Some of these changes are simply because you, the reader, have needed different things from us over time. Now that you carry an information portal around in your pocket, our features are less completist: more like stories, less like Wikipedia pages. We face issues today that we didn’t think about much in 1989 (“Who does outer space belong to?” “How do we rehabilitate our rivers?”) but we’re also looking at the same things all over again from a new vantage point (“How do we protect the vulnerable?” “How do we honour the Treaty?”)

Some of these changes are because journalism has evolved, and our ideas about how to tell stories responsibly have developed. These days, we want you to know a little bit more about the people who are writing and photographing the stories in the magazine. We want to acknowledge the perspectives they hold. That’s why there are now credit lines in stories describing our contributors a little more, and that’s why we’ve started listing the iwi of any Māori contributors or sources—so that others can pinpoint them in the web of networks and relationships that is te ao Māori.

The unchanging part of the magazine—our magnetic north—is that we’re committed to learning. We don’t consider anything to be finished. Like the scientists we write about, we keep open minds, sift new evidence, listen to those who have a long history and connection with the whenua.

And we start stories in the same way, a candle in a dark room, reaching towards something we feel is there.

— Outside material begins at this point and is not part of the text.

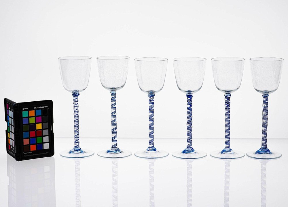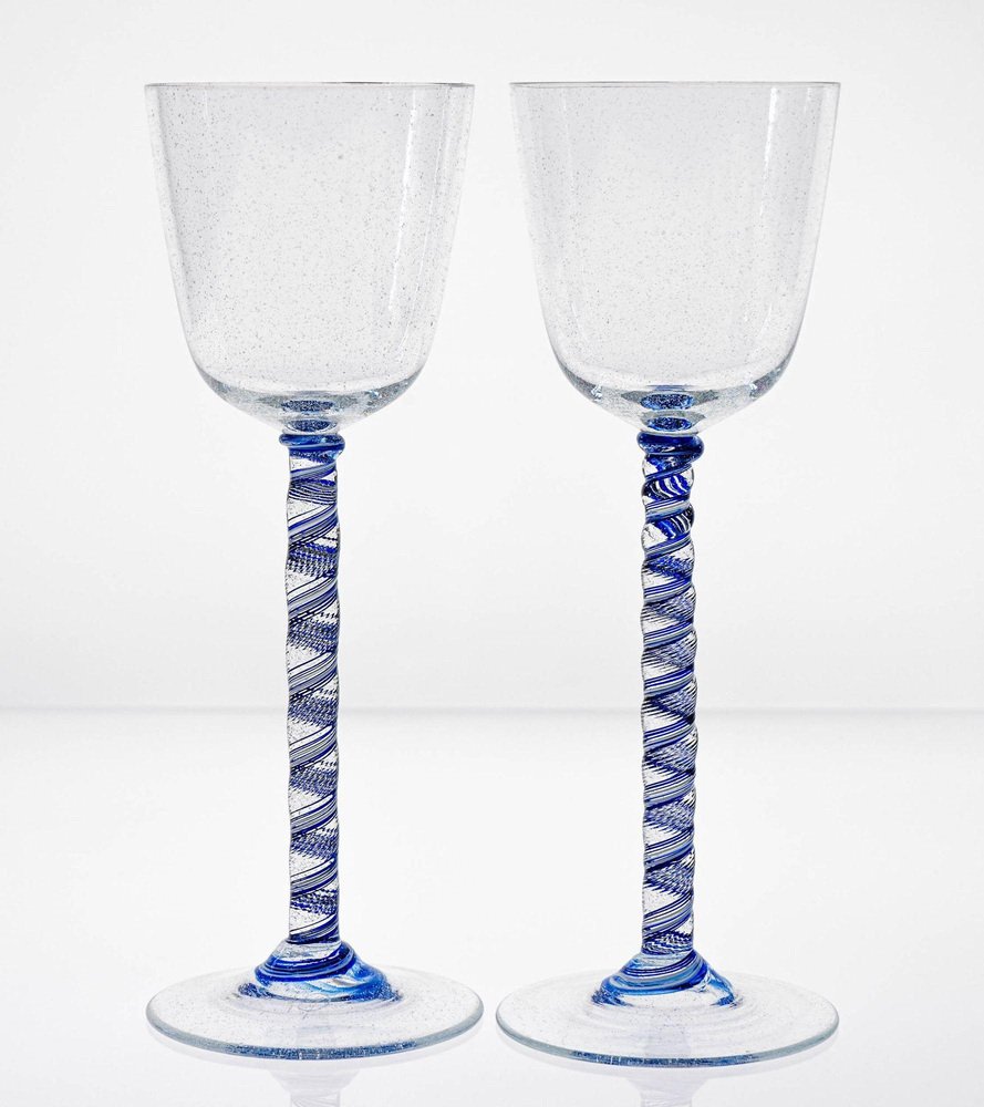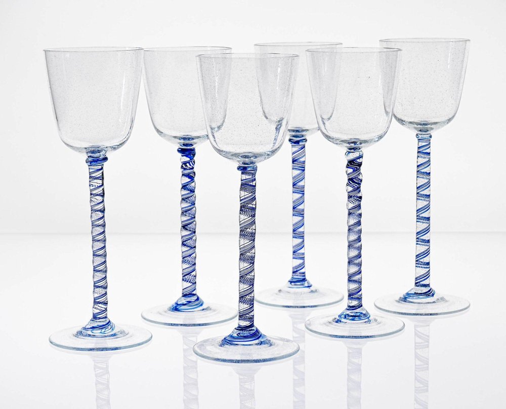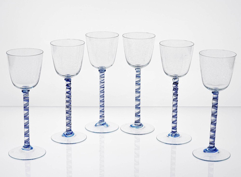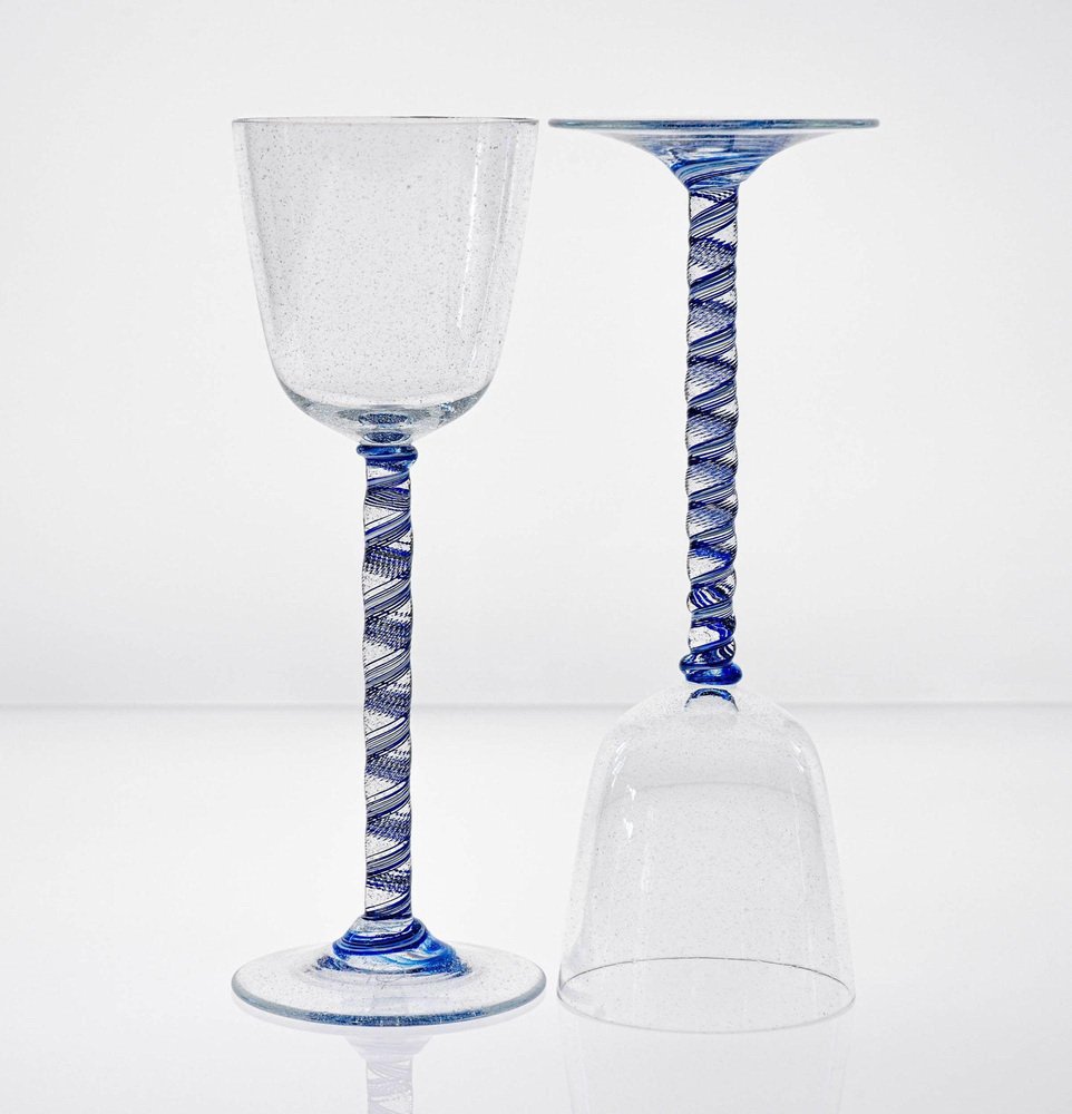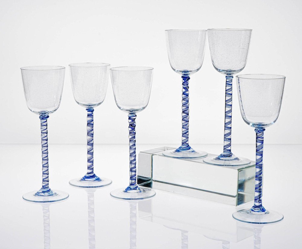 Cristal de Murano Cobalto y Pulegoso con tallos retorcidos de Cenedese, años 50. Juego de 6

Most of the stories in this issue began as musings—a sixth-sense notion that there may be something worth bringing into the light, worth sharing with others. “I see a lot of rosellas these days,” I said to Auckland journalist Ellen Rykers. “Are they bad?” Our oceans journalist Kate Evans heard talk about an terrible seaweed on Great Barrier Island. “Is this even a story?” she wondered, and went there to find out.  I asked Tulia Thompson to attend a siren battle and tell us what it was like and Kerry Sunderland suggested travelling up the remote Baton Valley to find out what life there is like. We start, always, in ignorance, and then we learn.

After five years and one pandemic editing New Zealand Geographic—a job that is a bit like being an air traffic controller, where journalism and photography are the planes—I’m taking a sabbatical to learn more about journalism in the United States, with some help from Columbia University and Fulbright New Zealand. I’m planning to listen, to reconsider, and to return not with more certainty but more curiosity.

The magazine’s next editor, Catherine Woulfe, is sitting right next to me as I type, and I’m excited to see what the magazine—this country, our lives—look like from her vantage point. You’re in good hands.